Prompt →
When you reach the line containing "Cartone interfalda e/o" in the records below, set it down exactly, together with every later line through the end, but not the pictures.

Extracted data entries →
--

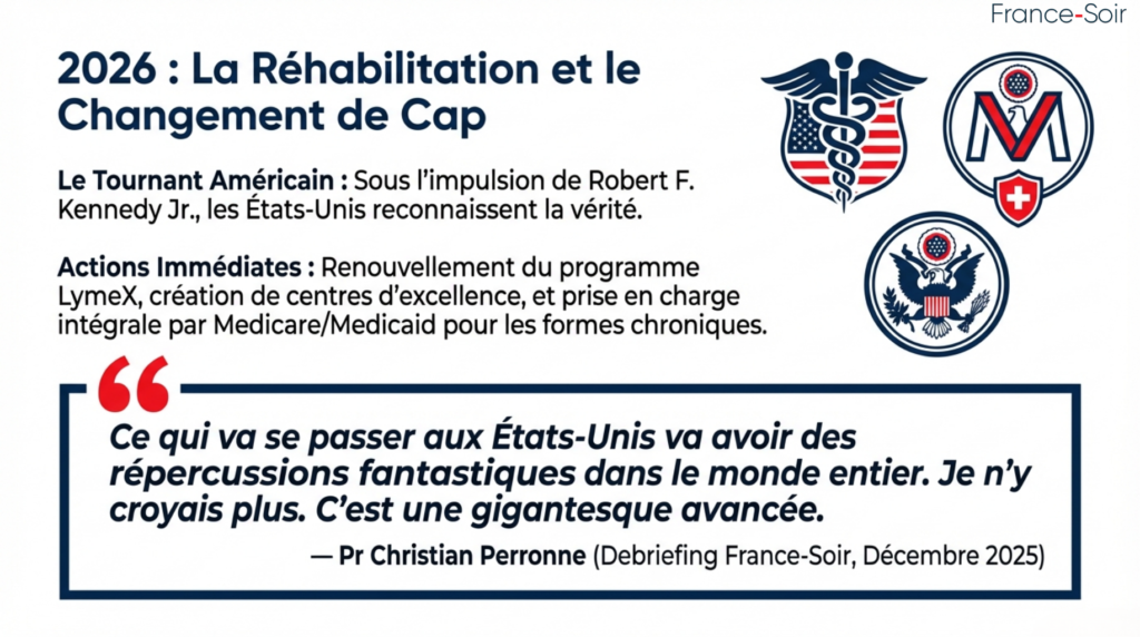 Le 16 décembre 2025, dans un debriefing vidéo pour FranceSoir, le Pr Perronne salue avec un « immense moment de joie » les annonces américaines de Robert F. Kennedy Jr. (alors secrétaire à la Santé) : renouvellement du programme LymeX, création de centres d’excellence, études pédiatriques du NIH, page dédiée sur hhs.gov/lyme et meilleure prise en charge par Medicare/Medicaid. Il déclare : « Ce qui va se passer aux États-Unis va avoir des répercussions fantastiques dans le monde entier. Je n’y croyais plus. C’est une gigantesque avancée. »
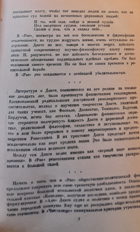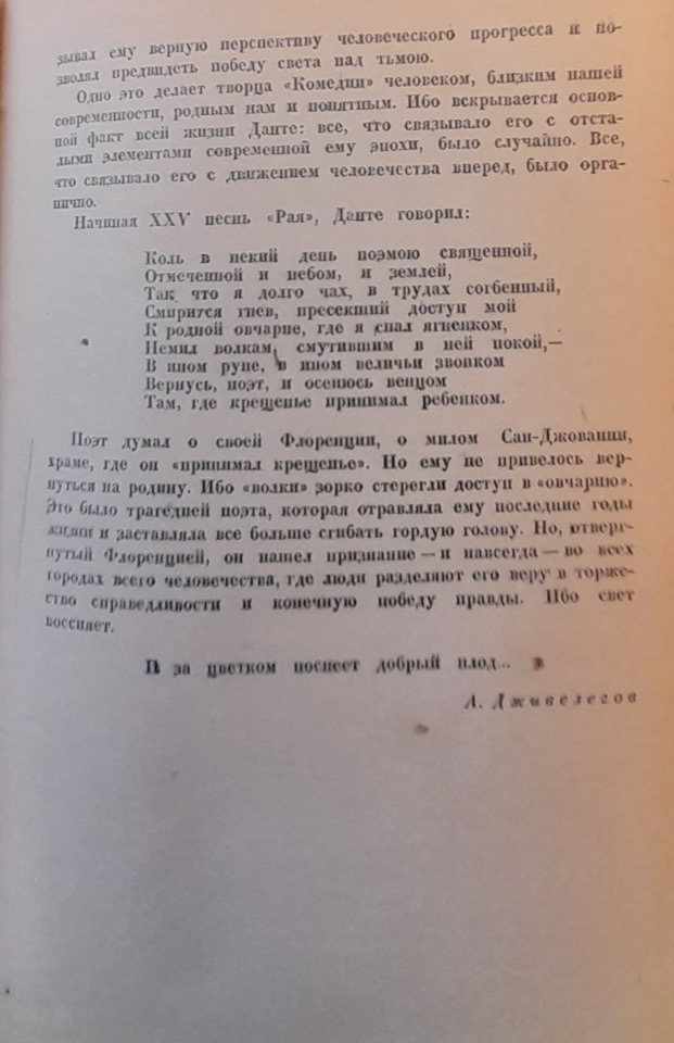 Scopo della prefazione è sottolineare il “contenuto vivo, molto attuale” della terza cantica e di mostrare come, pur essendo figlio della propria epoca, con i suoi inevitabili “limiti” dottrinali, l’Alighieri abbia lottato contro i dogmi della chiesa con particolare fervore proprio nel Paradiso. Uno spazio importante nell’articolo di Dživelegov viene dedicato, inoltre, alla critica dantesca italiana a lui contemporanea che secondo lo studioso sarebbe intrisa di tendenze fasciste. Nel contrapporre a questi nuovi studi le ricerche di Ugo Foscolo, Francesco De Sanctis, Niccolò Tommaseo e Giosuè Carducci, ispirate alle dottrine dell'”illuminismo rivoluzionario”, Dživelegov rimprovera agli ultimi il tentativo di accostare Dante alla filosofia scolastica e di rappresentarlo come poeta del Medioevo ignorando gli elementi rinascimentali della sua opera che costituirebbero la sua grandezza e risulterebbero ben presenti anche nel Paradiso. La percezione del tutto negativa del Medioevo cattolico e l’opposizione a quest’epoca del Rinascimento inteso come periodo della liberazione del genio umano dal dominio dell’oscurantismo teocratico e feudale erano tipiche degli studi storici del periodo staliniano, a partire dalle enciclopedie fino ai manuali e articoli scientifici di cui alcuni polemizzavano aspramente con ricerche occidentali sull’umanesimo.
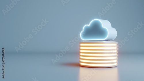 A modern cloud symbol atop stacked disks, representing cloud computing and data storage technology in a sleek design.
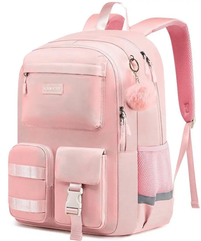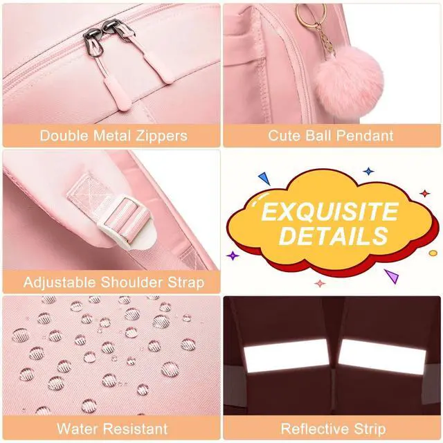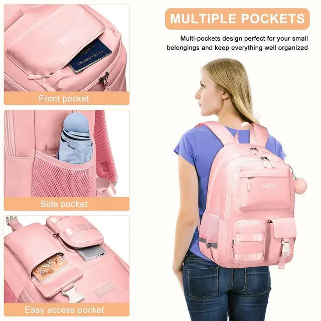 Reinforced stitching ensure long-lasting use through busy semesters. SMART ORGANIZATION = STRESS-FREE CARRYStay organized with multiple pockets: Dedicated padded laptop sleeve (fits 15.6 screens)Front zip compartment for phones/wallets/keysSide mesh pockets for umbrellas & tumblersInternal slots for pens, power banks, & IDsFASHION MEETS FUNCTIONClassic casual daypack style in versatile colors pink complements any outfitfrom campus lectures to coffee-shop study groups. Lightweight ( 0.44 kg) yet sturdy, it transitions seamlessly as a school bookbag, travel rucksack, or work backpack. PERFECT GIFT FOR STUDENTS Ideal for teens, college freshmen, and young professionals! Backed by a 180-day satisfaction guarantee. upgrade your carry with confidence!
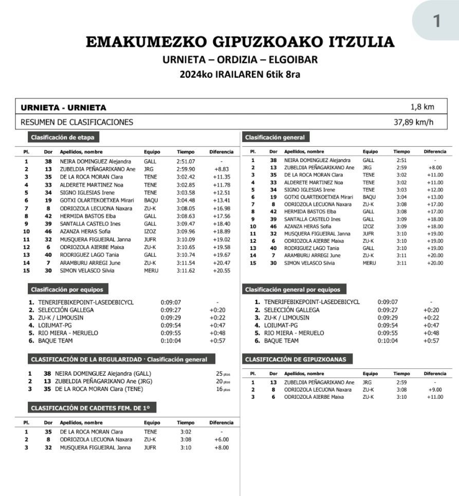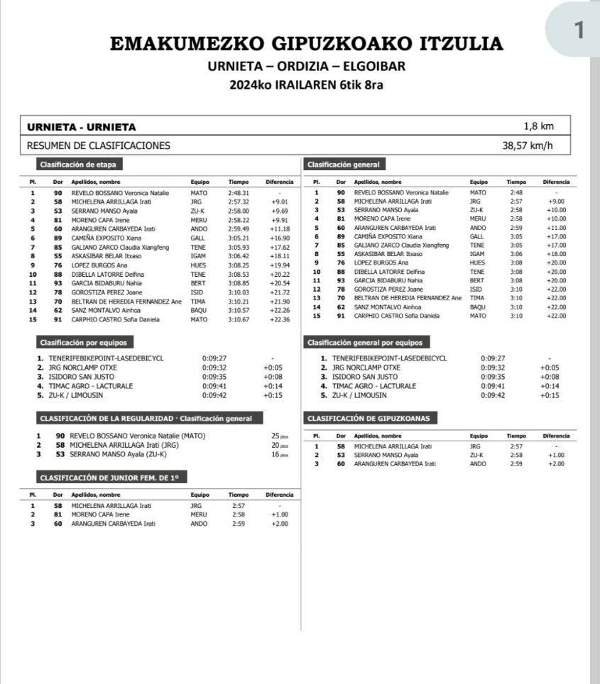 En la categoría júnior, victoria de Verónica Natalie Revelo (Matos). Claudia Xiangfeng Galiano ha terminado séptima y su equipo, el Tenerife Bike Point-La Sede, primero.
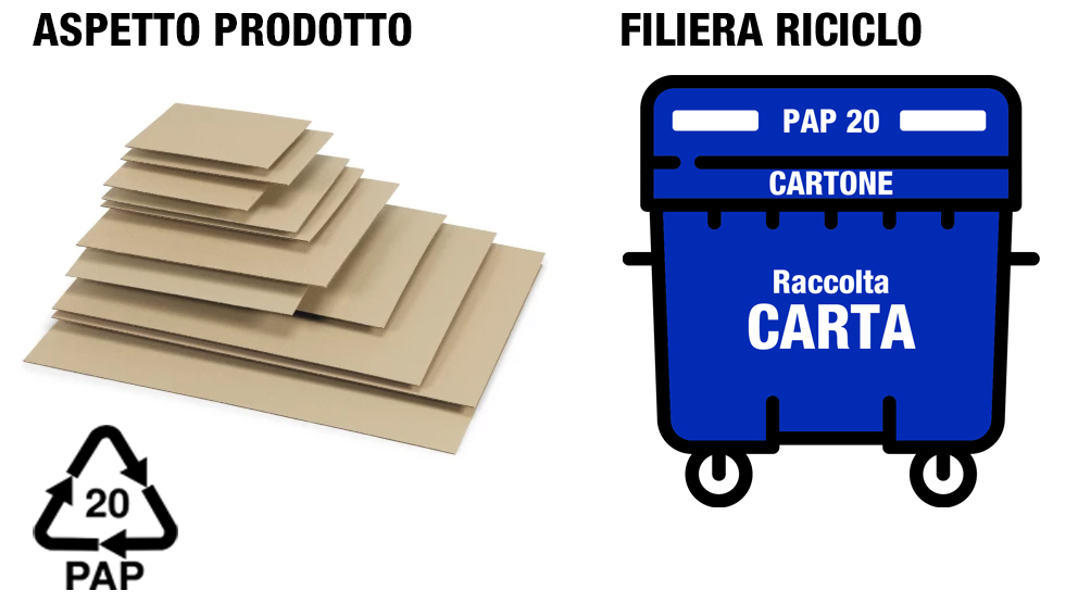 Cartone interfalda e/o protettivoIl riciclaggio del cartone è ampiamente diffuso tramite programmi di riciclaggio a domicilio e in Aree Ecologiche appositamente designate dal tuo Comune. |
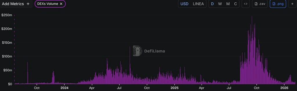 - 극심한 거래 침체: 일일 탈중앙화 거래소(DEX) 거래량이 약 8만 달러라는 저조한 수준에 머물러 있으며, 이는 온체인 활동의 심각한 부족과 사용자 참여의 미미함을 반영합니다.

--

Response below →
 Cartone interfalda e/o protettivoIl riciclaggio del cartone è ampiamente diffuso tramite programmi di riciclaggio a domicilio e in Aree Ecologiche appositamente designate dal tuo Comune. |
 - 극심한 거래 침체: 일일 탈중앙화 거래소(DEX) 거래량이 약 8만 달러라는 저조한 수준에 머물러 있으며, 이는 온체인 활동의 심각한 부족과 사용자 참여의 미미함을 반영합니다.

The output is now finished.